■ Task directions: What is needed is an exact copy of every line from the one with "CxPxA / medidas em mm LxDxH" to the end of the entries below, without the pictures.

■ Material for this task:
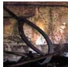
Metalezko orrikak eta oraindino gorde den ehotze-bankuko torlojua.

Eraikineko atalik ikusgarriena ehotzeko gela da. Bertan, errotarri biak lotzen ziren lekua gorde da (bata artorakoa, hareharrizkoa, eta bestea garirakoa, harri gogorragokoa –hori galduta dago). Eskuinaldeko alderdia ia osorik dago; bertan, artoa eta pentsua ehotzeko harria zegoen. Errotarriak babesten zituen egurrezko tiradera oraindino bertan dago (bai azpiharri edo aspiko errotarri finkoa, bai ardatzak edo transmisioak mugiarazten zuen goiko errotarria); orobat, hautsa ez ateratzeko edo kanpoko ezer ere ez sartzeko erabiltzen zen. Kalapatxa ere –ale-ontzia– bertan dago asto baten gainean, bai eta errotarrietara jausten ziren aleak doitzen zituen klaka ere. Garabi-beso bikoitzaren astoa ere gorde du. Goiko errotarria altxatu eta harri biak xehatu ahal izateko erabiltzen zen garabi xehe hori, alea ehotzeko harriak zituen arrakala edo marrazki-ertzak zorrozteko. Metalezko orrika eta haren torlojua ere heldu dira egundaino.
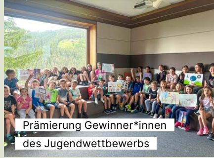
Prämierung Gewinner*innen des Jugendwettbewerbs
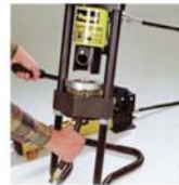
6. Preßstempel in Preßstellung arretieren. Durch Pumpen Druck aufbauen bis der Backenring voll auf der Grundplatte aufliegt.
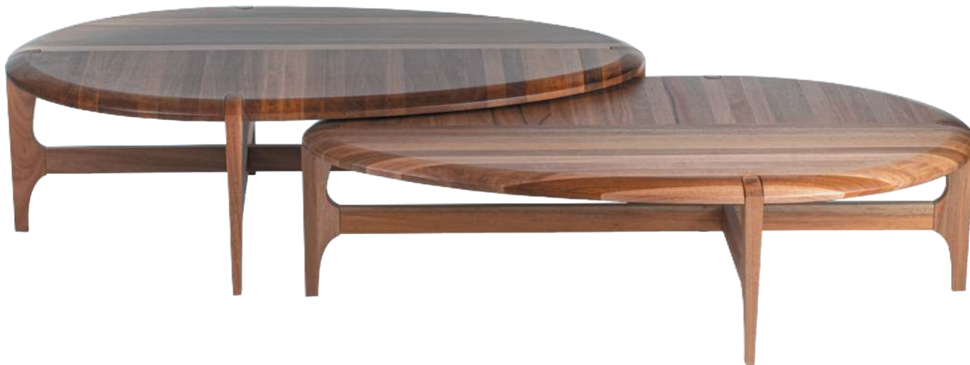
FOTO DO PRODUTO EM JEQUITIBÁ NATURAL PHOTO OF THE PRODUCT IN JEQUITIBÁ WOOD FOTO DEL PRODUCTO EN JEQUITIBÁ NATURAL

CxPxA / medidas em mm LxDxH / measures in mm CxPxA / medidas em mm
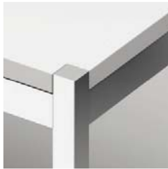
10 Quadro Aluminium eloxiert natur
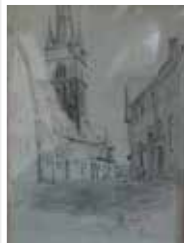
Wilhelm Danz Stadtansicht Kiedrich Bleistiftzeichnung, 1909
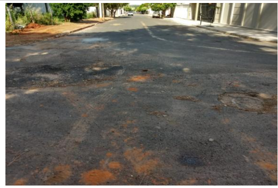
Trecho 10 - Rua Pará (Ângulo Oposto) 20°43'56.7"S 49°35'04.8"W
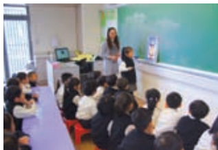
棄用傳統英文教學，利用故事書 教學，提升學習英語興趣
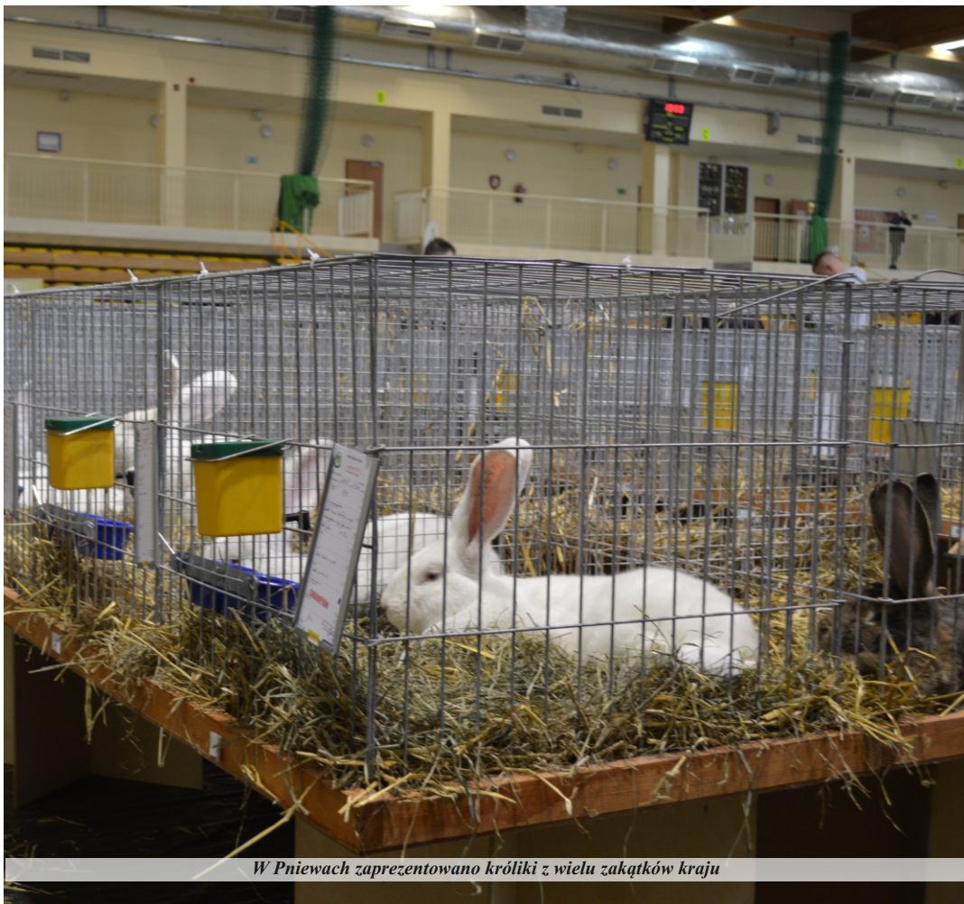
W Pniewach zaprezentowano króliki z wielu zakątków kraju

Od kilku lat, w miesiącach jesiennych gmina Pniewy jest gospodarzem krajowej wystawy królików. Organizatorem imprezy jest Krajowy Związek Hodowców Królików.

■ Reply:
CxPxA / medidas em mm LxDxH / measures in mm CxPxA / medidas em mm
10 Quadro Aluminium eloxiert natur
Wilhelm Danz Stadtansicht Kiedrich Bleistiftzeichnung, 1909
Trecho 10 - Rua Pará (Ângulo Oposto) 20°43'56.7"S 49°35'04.8"W
棄用傳統英文教學，利用故事書 教學，提升學習英語興趣
W Pniewach zaprezentowano króliki z wielu zakątków kraju

Od kilku lat, w miesiącach jesiennych gmina Pniewy jest gospodarzem krajowej wystawy królików. Organizatorem imprezy jest Krajowy Związek Hodowców Królików.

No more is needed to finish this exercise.